The Bill is hostile to fundamental democratic freedoms. The ICCPR affirms the fundamental freedoms of thought, conscience and religion, and the liberty of parents to raise their own children (Article 18); freedom of expression (19); peaceful assembly (21) and association (22). The ICCPR allows these fundamental freedoms to be limited only by laws “necessary to protect national security, public safety, order, health, or morals or the fundamental rights and freedoms of others”. The draft Religious Discrimination Bill not only undermines these freedoms, but its exemptions apply only in circumstances far more stringent than those envisaged by the ICCPR.

The Bill may breach section 116 of the Australian Constitution: “The Commonwealth shall not make any law … for prohibiting the free exercise of any religion”. As the Bill states in clause 4, “This Act makes it unlawful to discriminate on the ground of religious belief or activity in a range of areas of public life.” However, a religious community may need to discriminate in order to survive. The Bill’s outlawing of such discrimination could amount to prohibition of free exercise of the religion.

The Bill covers both religious and non-religious belief. The definition of “religious belief or activity” is even-handed: it includes holding or not holding a religious belief and engaging or not engaging in religious activity.

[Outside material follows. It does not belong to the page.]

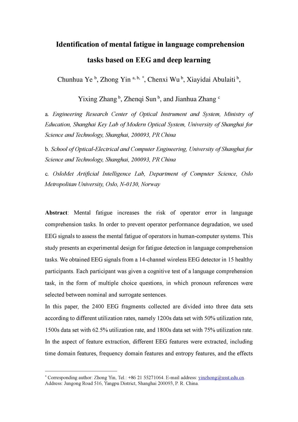 Mental fatigue increases the risk of operator error in language comprehension tasks. In order to prevent operator performance degradation, we used EEG signals to assess the mental fatigue of operators in human-computer systems. This study presents an experimental design for fatigue detection in language comprehension tasks. We obtained EEG signals from a 14-channel wireless EEG detector in 15 healthy participants. Each participant was given a cognitive test of a language comprehension task, in the form of multiple choice questions, in which pronoun references were selected between nominal and surrogate sentences. In this paper, the 2400 EEG fragments collected are divided into three data sets according to different utilization rates, namely 1200s data set with 50% utilization rate, 1500s data set with 62.5% utilization rate, and 1800s data set with 75% utilization rate. In the aspect of feature extraction, different EEG features were extracted, including time domain features, frequency domain features and entropy features, and the effects of different features and feature combinations on classification accuracy were explored. In terms of classification, we introduced the Convolutional Neural Network (CNN) method as the preferred method, It was compared with Least Squares Support Vector Machines(LSSVM),Support Vector Machines(SVM),Logistic Regression (LR), Random Forest(RF), Naive Bayes (NB), K-Nearest Neighbor (KNN) and Decision Tree(DT).According to the results, the classification accuracy of convolutional neural network (CNN) is higher than that of other classification methods. The classification results show that the classification accuracy of 1200S dataset is higher than the other two datasets. The combination of Frequency and entropy feature and CNN has the highest classification accuracy, which is 85.34%.

However, the definition of “statement of religious belief” is not even-handed. A non-religious person needs only to show the belief “arises directly from the fact that the person does not hold a religious belief”. A religious person needs to show that the belief “may reasonably be regarded as being in accordance with the doctrines, tenets, beliefs or teachings of the religion”. A tribunal or court needs to identify “the religion”, clarify its “doctrines, tenets, beliefs or teachings”, and decide whether the person’s statement is “reasonably … in accordance with” those doctrines, etc. These multiple hoops imposed on a religious person, but not on a non-religious person, reveal the Bill’s bias against religious people.

The Bill reverses the burden of proof, otherwise known as the presumption of innocence, for complaints of indirect discrimination. Yet the presumption of innocence is the legal principle most widely known and valued by the Australian public. The effect is to allow a person to lodge a complaint of discrimination with minimal evidence and require the respondent to show the action was reasonable. Given the significant penalties that can be imposed for breaches discrimination laws, a reversal of the burden of proof cannot be justified.

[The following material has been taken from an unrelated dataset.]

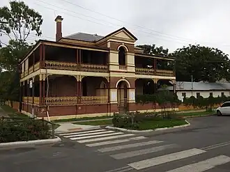 - 1. A two-storey brick Victorian Filigree Style commercial building facing onto Oxley Street and Sturt Streets.

The Bill is internally inconsistent. The first object of the proposed legislation is “to eliminate … discrimination against persons on the ground of religious belief or activity”. However, clause 11 allows discrimination “intended to meet a need or reduce a disadvantage”. In short, the Bill seeks both to eliminate and allow discrimination.

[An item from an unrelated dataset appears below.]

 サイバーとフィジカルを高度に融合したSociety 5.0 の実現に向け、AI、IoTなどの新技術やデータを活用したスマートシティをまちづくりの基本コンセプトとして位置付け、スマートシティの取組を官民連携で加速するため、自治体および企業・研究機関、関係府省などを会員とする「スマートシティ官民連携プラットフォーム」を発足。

Legal professor Geoffrey Walker, in his book The Rule of Law, says that laws must have the characteristics of certainty, generality and equality. Certainty requires laws to be clear, so people know in advance how to conduct their lives legally. Generality is achieved by laws applying equally to all citizens. Equality avoids laws that benefit or injure particular individuals or groups. Because the Bill is vague, inconsistent and open to arbitrary enforcement, it fails to satisfy these criteria.

The Bill’s provision for a Freedom of Religion Commissioner is problematic. The powers of the Commission under this Bill would include granting exemptions, investigating complaints and promoting compliance with its provisions. The combined effect of these powers would shackle religious freedom to the dictates of the Commissioner – who could be a zealot for religious “political correctness”. It would be a far cry from recognising religious freedom as an intrinsic and inalienable human right.

In short, the draft bill. It could prove to be worse than doing nothing. If the federal government really wants to protect religious freedom, it shouldn’t start from here.

Dr David Phillips is a former research scientist and founder of FamilyVoice Australia.